—  Verhalen  —

Palestine : la fuite pour sauver sa vie (5)

- 20 mei 2022

Omayma Masoud, journaliste avec plus de 20 ans d'expérience, a été contrainte de quitter sa Palestine natale après avoir été menacée par le Hamas. Dans la cinquième partie de son histoire - qu'elle appelle "l'esprit libre dans une cellule" - elle raconte comment elle a été emprisonnée et comment elle a été libérée et est retournée à Istanbul. [Traduction de l'anglais]

 

En prison, les barreaux de ma cellule ont pris mon cœur en étau, l’ont vidé de sa force et ont emprisonné mon âme dans les profondeurs des ténèbres. L’horreur que je voyais me faisait rouler les yeux dans la tête.

Le plafond de ma cellule était haut, les murs et le sol étaient en béton, la porte en barreaux de fer était fermée par de grands verrous.
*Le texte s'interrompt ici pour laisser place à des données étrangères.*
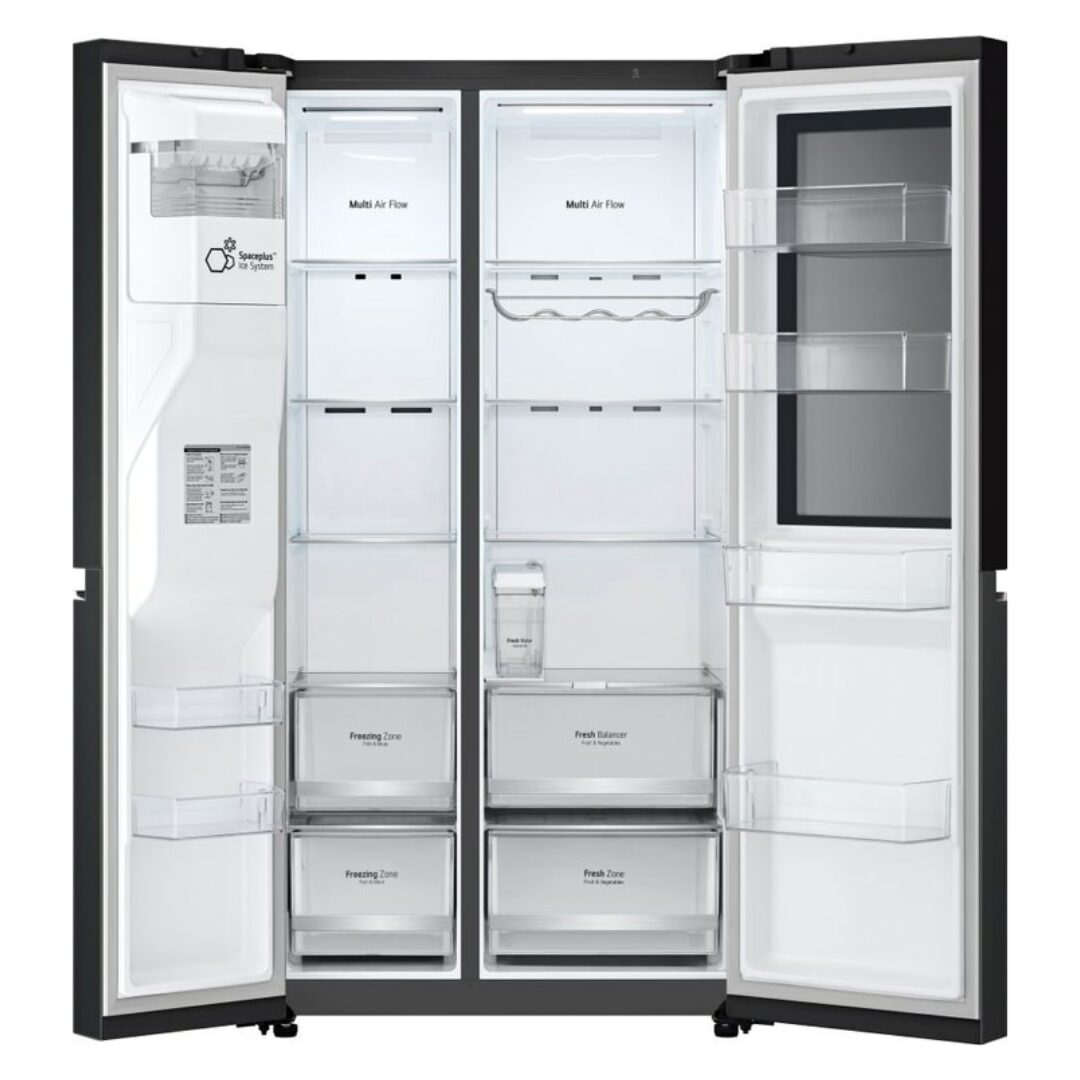 LG InstaView GSGV80EPLL. Posizionamento dell’apparecchio: Libera installazione, Design del prodotto: Porta americana, Colore del prodotto: Nero. Capacità netta totale: 635 L, Classe climatica: T, Classe emissione rumore: C. Capacità netta frigorifero: 416 L, Tipo di lampada: LED. Capacità netta congelatore: 219 L, Posizione del congelatore: Posizionato lateralmente, Autonomia senza energia elettrica: 2 h. Applicazioni per il controllo supportate: LG ThinQ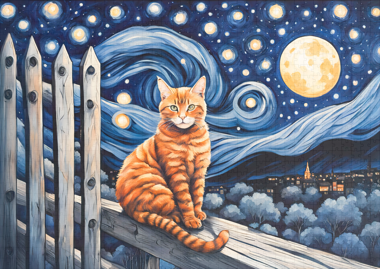 orange cat sits on a fence under a starry night sky.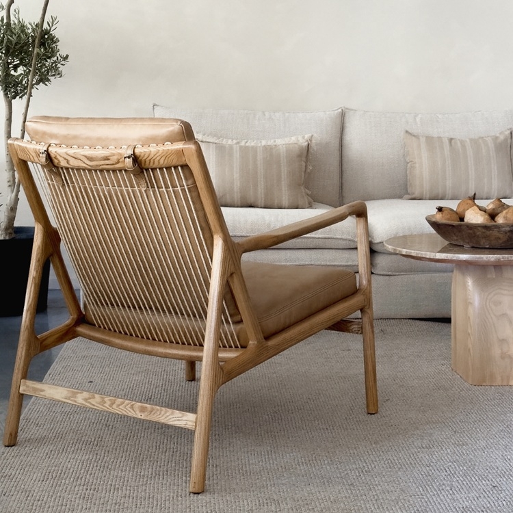 כורסה מעוצבת בסגנון נורדי-סקנדינבי, עם שילוב הרמוני של עץ טבעי ובד בהיר.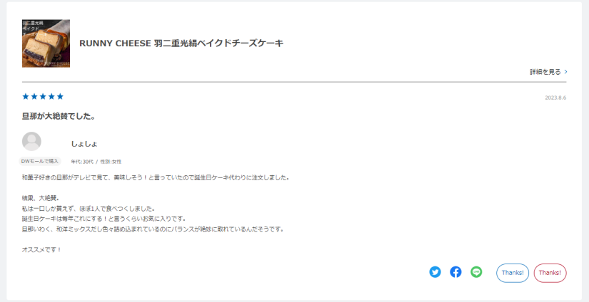 導入から1年たち、お客様のお声が蓄積されてきていますが、好印象なお褒めの言葉を多くいただいており、購入を検討しているお客様にもプラスに働いていると感じています。VOCとして活用できるコンテンツなので、ただ収集するのではなく、今後はマーケティングに活かしていこうと考えています。

En haut de l’un des murs se trouvait une petite fenêtre recouverte d’un fin fil de fer.

Au fond de la cellule se trouvaient les soi-disant toilettes. Elles étaient extrêmement sales et absolument inadaptées à un usage humain. Il n’y avait même pas d’eau.
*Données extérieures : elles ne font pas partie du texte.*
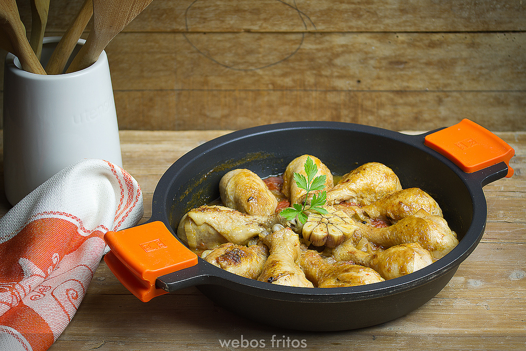 Freímos los muslos en este aceite y vamos echándolos en la cazuela que tenemos preparada al efecto. Suele saltar, con lo que igual tenéis que ponerle una tapa mientras los freís.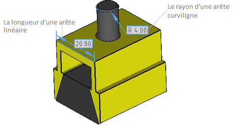 L'outil Arête permet de mesurer une arête linéaire ou un rayon d'une arête curviligne d'un modèle 3D dans les modes d'affichage Ombrage plat, Ombrage lisse et Lignes cachées.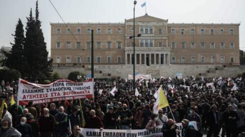 Μαζικότατες και με παλμό ήταν οι συγκεντρώσεις κατά της ακρίβειας στο κέντρο της Αθήνας, στο πλαίσιο της 24ωρης πανελλαδικής απεργίας που έχει κηρυχθεί για σήμερα. Ανοιχτοί πλέον οι γύρω δρόμοι. «Κάτω η χούντα του Μητσοτάκη» βροντοφώναξαν περισσότεροι από 10.000 διαδηλωτές, έξω από τη Βουλή, όπως μεταδίδει το efsyn.gr. «Δουλειές – αυξήσεις, όχι πόλεμο», «ακρίβεια φωτιά, οι συνταξιούχοι στην πυρά», «ενάντια…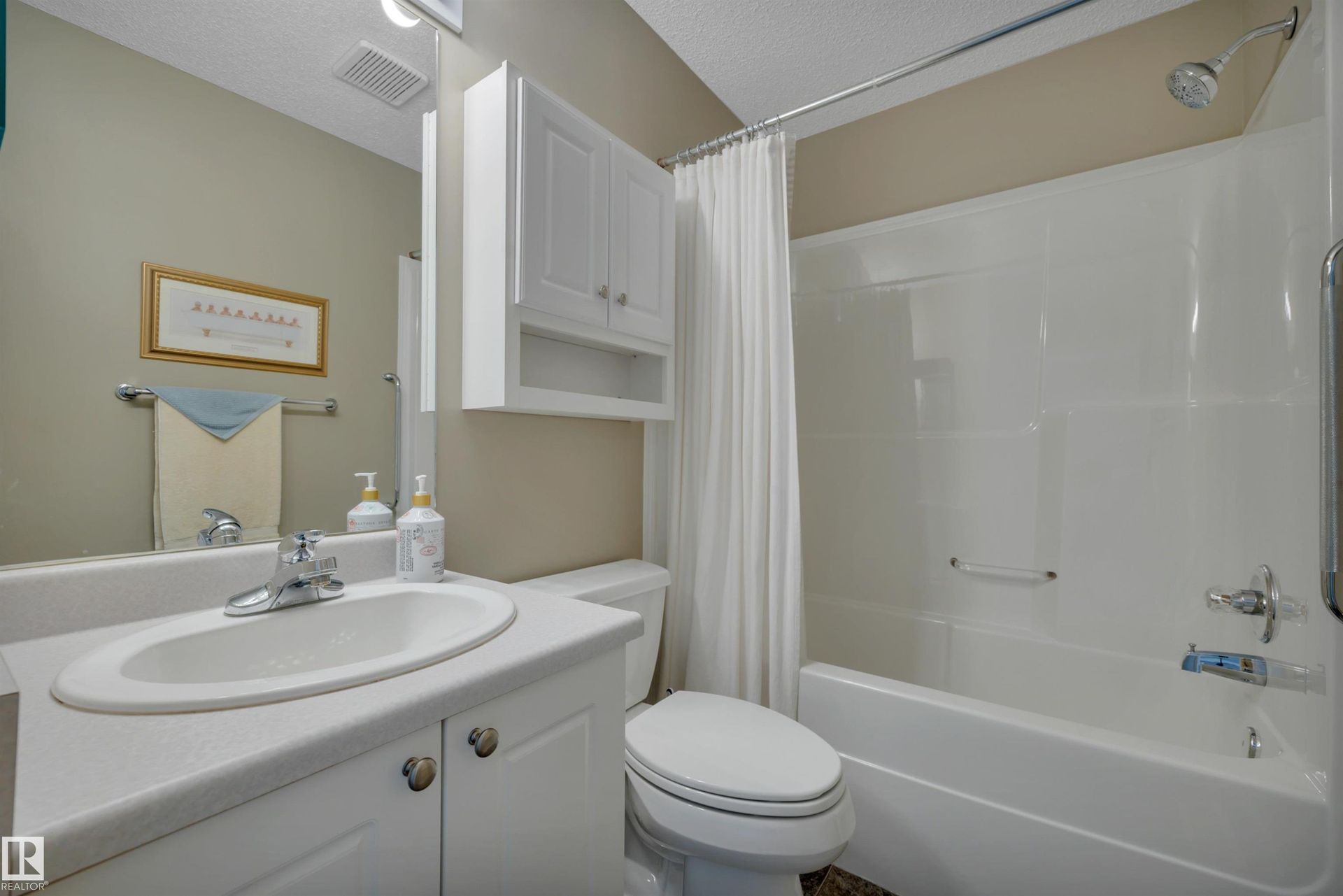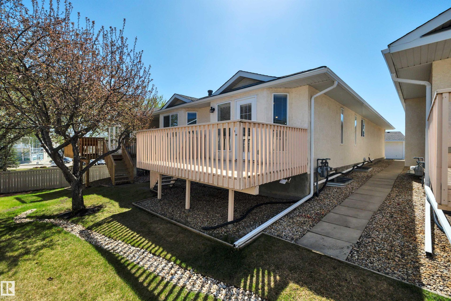 This bright and beautifully maintained half-duplex bungalow with attached double garage is situated in the sought after 55+ adults-only community, Miller Garden Estates. The open concept main floor features all that you need, including a large kitchen with pantry and ample counter space, a dining area, spacious living room, main floor laundry, along with 2 bedrooms and 2 full baths. The rear deck with built-in BBQ line makes entertaining a breeze. Relax in your primary bedroom with bay window, ensuite, and large walk-in closet. The unfinished basement offers a brand new hot water tank and large flex space for storage or large family gatherings. Easy access to the Anthony Henday, public transit, Clareview Recreation Centre, walking paths, and many shops and restaurants. You'll be close to all the action! Pet policy: up to 2 animals under 15" at the shoulder. Current condo fees only $395/mo.

Pas de nourriture, pas d’eau, pas de médicaments, pas de cigarettes, pas de matelas, pas de coussins, pas de draps, pas de dignité, pas de clémence, pas d’humanité. Que de la violence, de l’humiliation et des insultes.

J’ai pleuré toutes les larmes de mon corps. Entre le sommeil et l’évanouissement, je n’ouvrais les yeux que lorsque la porte s’ouvrait et que d’autres personnes étaient jetées dans la cellule. Chaque fois, je me collais autant que possible au mur. Il n’y avait pas un seul centimètre de libre dans la cellule. Nous étions entassés les uns sur les autres.
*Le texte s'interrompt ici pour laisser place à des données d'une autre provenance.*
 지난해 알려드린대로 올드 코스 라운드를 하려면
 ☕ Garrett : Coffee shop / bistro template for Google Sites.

Deux jeunes Afghans ont réussi à garder des cigarettes et un briquet sur eux.

Ils ont allumé une cigarette et l’ont partagée avec tous les autres. La cigarette passait d’une main à une autre.

L’odeur de cigarette a trahi les deux Afghans.

Ils ont été brutalement frappés par les officiers de police. Ils ont reçu plusieurs coups au visage et à l’estomac et des coups de pied tout le long du corps alors qu’ils étaient étendus sur le sol sale sur lequel leur sang chaud collait.

Je ne peux même pas trouver les mots justes pour décrire le sentiment que j’ai éprouvé en assistant à ce qui semblait être un meurtre de sang-froid, impuissante face à cette scène sanglante et envahie par la peur et la terreur d’être la prochaine victime.

« Nous étions dans une prison, mais n’étions pas des prisonniers »

Aucun des prisonniers n’avait dormi cette nuit-là.

C’est très difficile pour moi d’employer le terme « prisonnier ». Nous étions dans une prison, mais n’étions pas des prisonniers. Nous n’étions pas des criminels, pour l’amour de Dieu. Je nous décrirais plutôt comme des âmes malchanceuses qui étaient en prison, mais dont le seul crime était la quête d’une vie meilleure pour survivre.

Les Afghans ont quitté à pied leur pays pour l’Europe en grands groupes de vingt ou trente personnes.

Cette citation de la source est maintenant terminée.